++++ RECORDS FOR THIS EXERCISE ++++

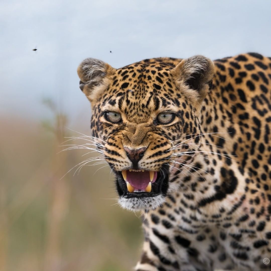 Самка леопарда недовольна тем, что львица украла её добычу.
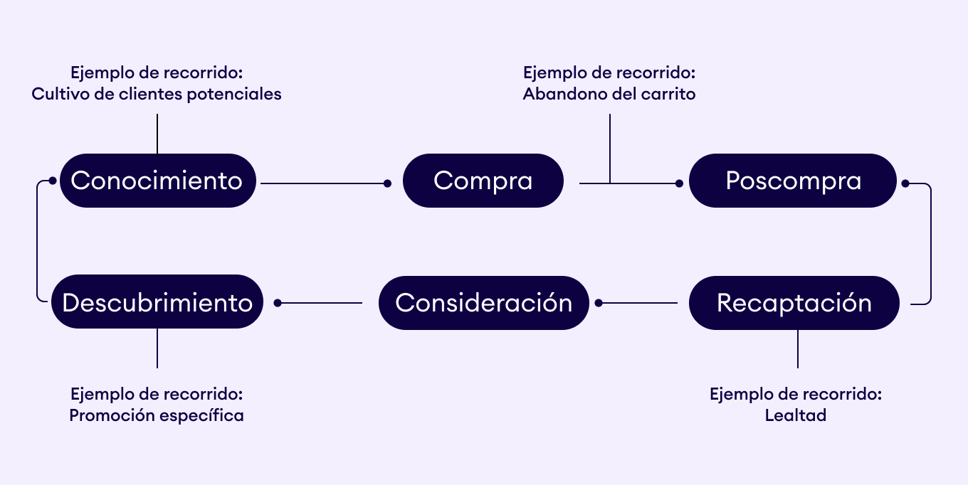 Debes entender el recorrido del cliente como un ciclo continuo, no como un camino lineal. Este modelo muestra etapas clave desde el Descubrimiento hasta la Postcompra y Reenganche, resaltando oportunidades para conectar con mensajes de marketing segmentados en cada paso.
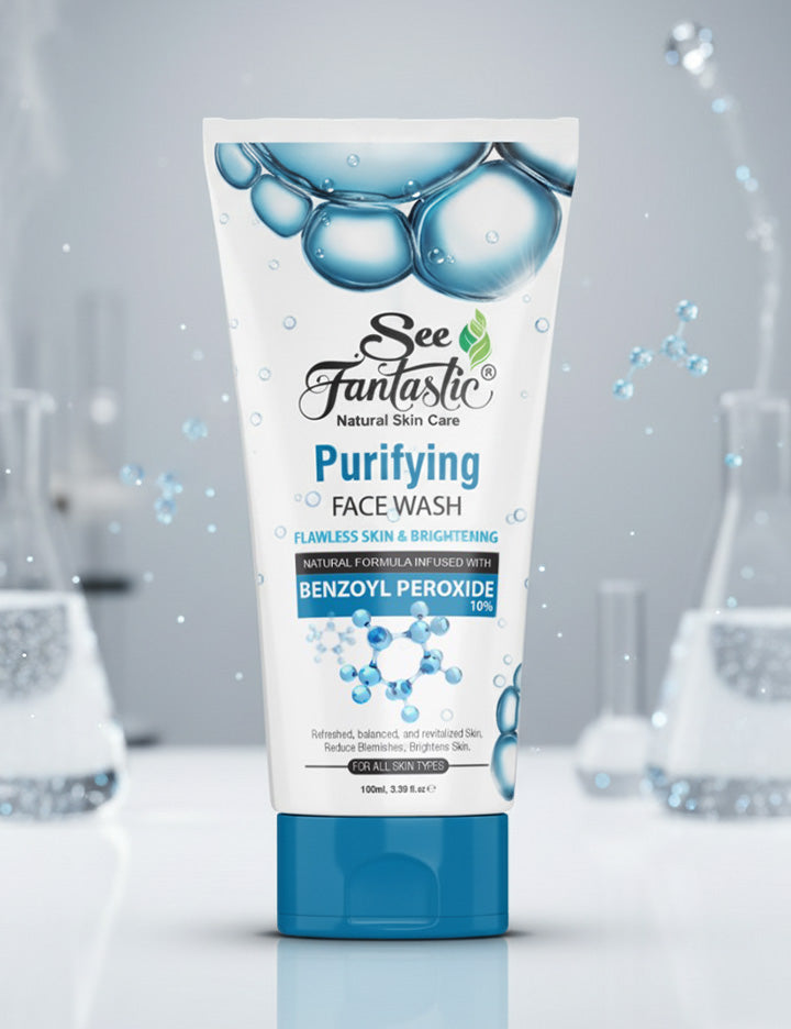 SeeFantastic Benzoyl Peroxide Face Wash is a potent anti-acne treatment in a compact 100ml bottle. Formulated to combat pimples, blackheads, and breakouts, this deep cleanser harnesses the power of 4% benzoyl peroxide to unclog pores and reduce blemishes.
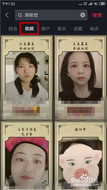 打开搜刮界面后搜刮【测前宿世】,然后在搜刮成果中点击【视频】下方的肆意一个视频。
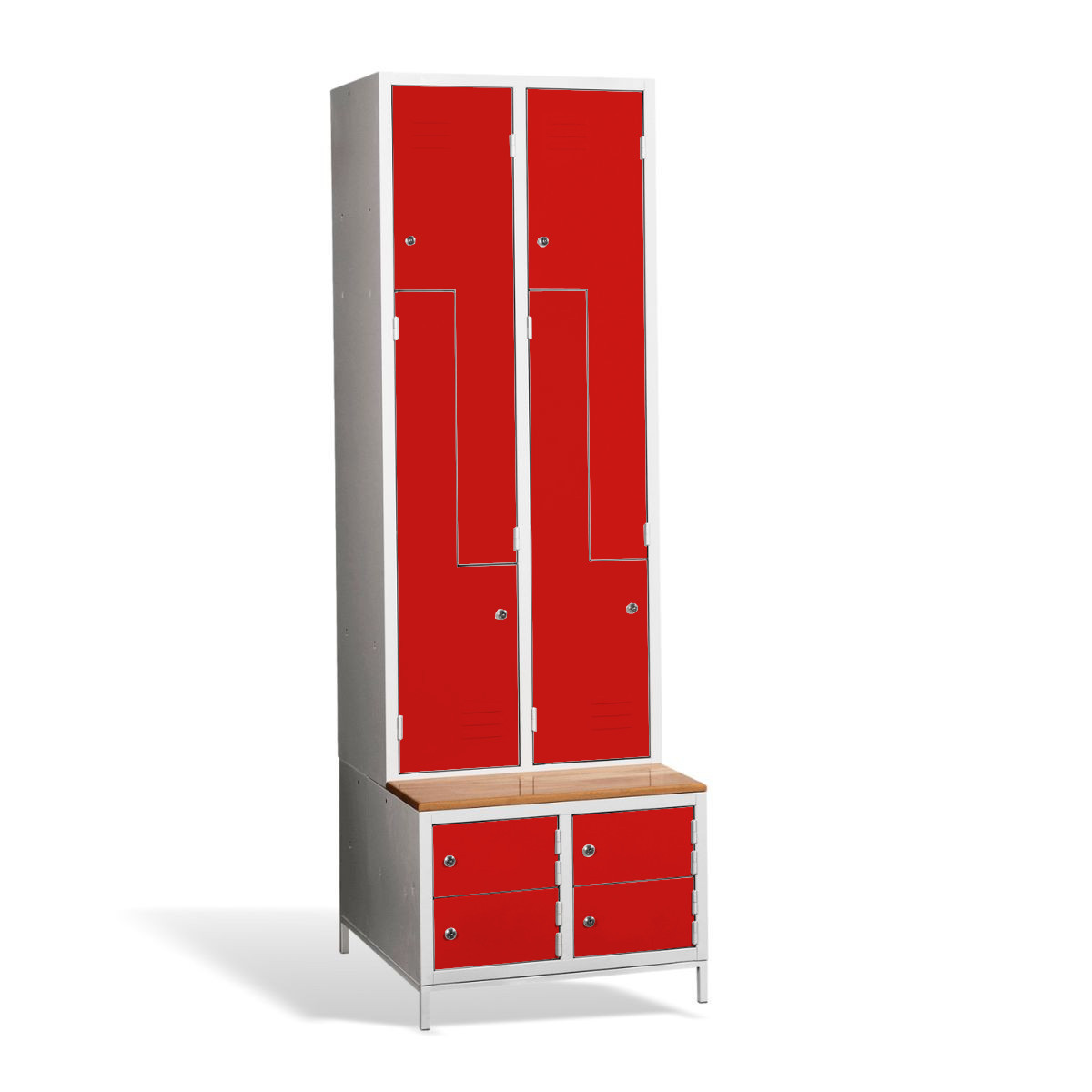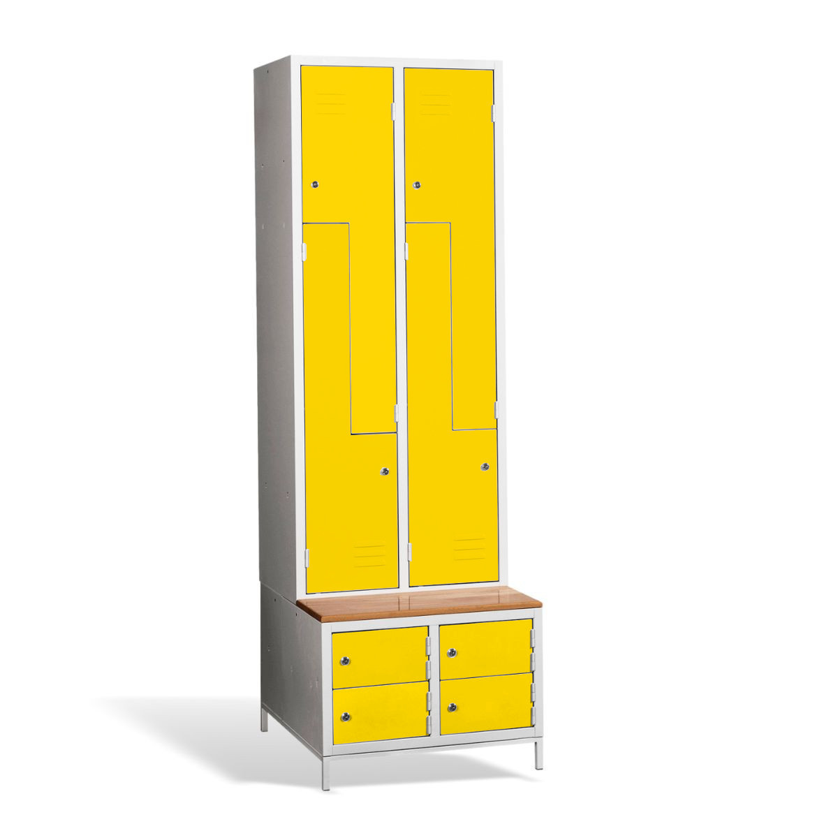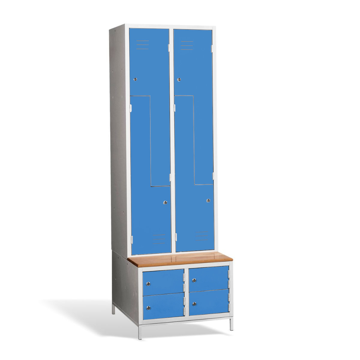 Die Metallgarderobe #03 CIK-CAK MINI 4 PLUS bietet eine 3-in-1-Lösung. Sie bietet Stauraum für Ihre persönlichen Gegenstände und Mäntel in Form von 4 Fächern, ist mit einer eingebauten Bank ausgestattet, unter der sich auch Schuhfächer für mehr Komfort und Sauberkeit finden. Die Konstruktion des Schranks ist geschweißt und besteht aus beschichtetem Stahlblech der Güteklasse 1. Das Z-förmige Design des Kleiderschranks ist platzsparend und bietet dennoch reichlich Komfort. Dieser Schrank ist die ideale Wahl für einen Umkleideraum in einer Schule, einem Unternehmen oder einer Sporteinrichtung. Der #03 CIK-CAK MINI 4 PLUS wird standardmäßig mit einem Sicherheitszylinderschloss geliefert, aber Sie können aus einer Vielzahl von Schlössern wählen, die Ihren Anforderungen entsprechen.
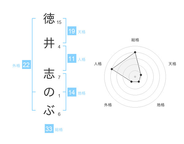 徳井 志のぶさんの総格は33画の4点!
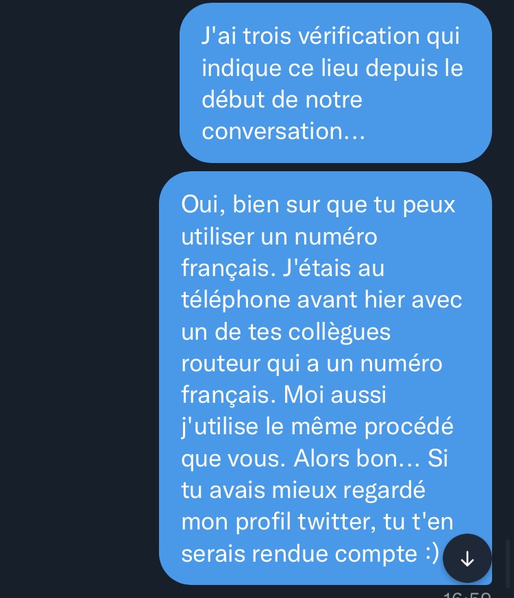 Bien évidemment, je ne lui donne pas mon vrai numéro mais je passe par une application fantôme.
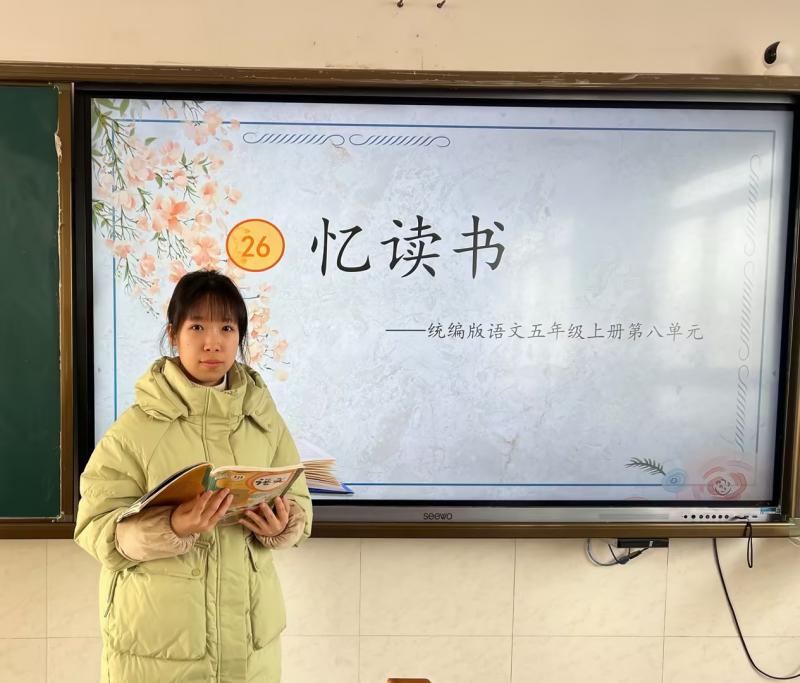 沈炜玥老师上了《忆读书》。作为今年刚上岗的年轻教师,沈老师的工作一向十分认真。开课前,沈老师就借6班先上了一次,让师傅卫老师去听一遍,再给出修改意见,最后再用自己班上。一课多磨,对年轻老师的成长是最快的。

++++

> WHAT TO WORK ON: Give back the full listing exactly as written, only without its pictures.

> YOUR RESPONSE:
 Самка леопарда недовольна тем, что львица украла её добычу.
 Debes entender el recorrido del cliente como un ciclo continuo, no como un camino lineal. Este modelo muestra etapas clave desde el Descubrimiento hasta la Postcompra y Reenganche, resaltando oportunidades para conectar con mensajes de marketing segmentados en cada paso.
 SeeFantastic Benzoyl Peroxide Face Wash is a potent anti-acne treatment in a compact 100ml bottle. Formulated to combat pimples, blackheads, and breakouts, this deep cleanser harnesses the power of 4% benzoyl peroxide to unclog pores and reduce blemishes.
 打开搜刮界面后搜刮【测前宿世】,然后在搜刮成果中点击【视频】下方的肆意一个视频。
 Die Metallgarderobe #03 CIK-CAK MINI 4 PLUS bietet eine 3-in-1-Lösung. Sie bietet Stauraum für Ihre persönlichen Gegenstände und Mäntel in Form von 4 Fächern, ist mit einer eingebauten Bank ausgestattet, unter der sich auch Schuhfächer für mehr Komfort und Sauberkeit finden. Die Konstruktion des Schranks ist geschweißt und besteht aus beschichtetem Stahlblech der Güteklasse 1. Das Z-förmige Design des Kleiderschranks ist platzsparend und bietet dennoch reichlich Komfort. Dieser Schrank ist die ideale Wahl für einen Umkleideraum in einer Schule, einem Unternehmen oder einer Sporteinrichtung. Der #03 CIK-CAK MINI 4 PLUS wird standardmäßig mit einem Sicherheitszylinderschloss geliefert, aber Sie können aus einer Vielzahl von Schlössern wählen, die Ihren Anforderungen entsprechen.
 徳井 志のぶさんの総格は33画の4点!
 Bien évidemment, je ne lui donne pas mon vrai numéro mais je passe par une application fantôme.
 沈炜玥老师上了《忆读书》。作为今年刚上岗的年轻教师,沈老师的工作一向十分认真。开课前,沈老师就借6班先上了一次,让师傅卫老师去听一遍,再给出修改意见,最后再用自己班上。一课多磨,对年轻老师的成长是最快的。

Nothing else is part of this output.